One passage in the Bible that always mystified me growing up was the passage in Exodus where Moses requests to see God. God responds by telling Moses to hide in the cleft of a rock while He would pass by. Not knowing God well, I always thought this was some kind of CIA, "I could tell you, but then I'd have to kill you" super secret reserved only for God's favorites or those worthy of the knowledge -- a sublime mystery God was afraid would get out, maybe. I know now how ridiculous that was, but nonetheless, I thought it.
Fast forward a few decades, and I'm sitting on the sofa in my living room one morning studying the book of Romans, specifically chapters 9-11, in some Bibles entitled "God's redemptive plan" or something like that. The three chapters trace what God has done since the inception of time, and Paul, at the end of the chapter, breaks out in praise, so blown away was he just recounting God's wisdom. Meditating on what God has done, how perfect His plan for the Jews and Gentiles has been, I, like Paul, was dumbstruck, amazed. My heart began beating quickly, my breath came in short gasps, and I could do nothing but collapse on the floor weeping at the sheer and manifold wisdom of God.

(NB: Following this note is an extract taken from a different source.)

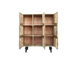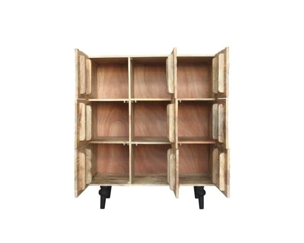 On aime les portes sculptées de ce meuble de rangement avec leur motif organique, vivant et qui rappelle aussi bien les ondulations du sable après le passage des vagues que les nervures des végétaux. On aime son aspect ultra pratique et ses 9 compartiments qui permettent à votre famille de profiter d’un meuble aussi élégant que fonctionnel.

And in that instant, I knew one other thing about God -- that He spoke truly when He said, "No man can see my face and live." Not that it was motivated by pride or wrath on God's part (far from it!), but that, in His mercy, He knows that our mortal bodies cannot suffer the exposure to His holiness. It would kill us instantly. If I -- comprehending only a portion of God's wisdom, and that, only one facet of His perfectly rounded character -- could scarcely recover, what would happen if confronted, in my flesh, with His entire glory? Would my heart beat so fast that it exploded in awe of my Creator, or would it stop beating altogether in utter terror at the realization of my humanity? Would all the blood, rushing at lightning speed through my arties, cause them to burst? Or would my brain, in one fatal epileptic fit, misfire, and would all the muscles in my body tense up at once? Or would my lungs struggle to draw enough oxygen, which would surely vanish in His fiery presence? Yes, yes, and yes, to all of the above, I believe. Truly, as He said, "no man can live". He is just too glorious, too all-consuming, too holy, too...God.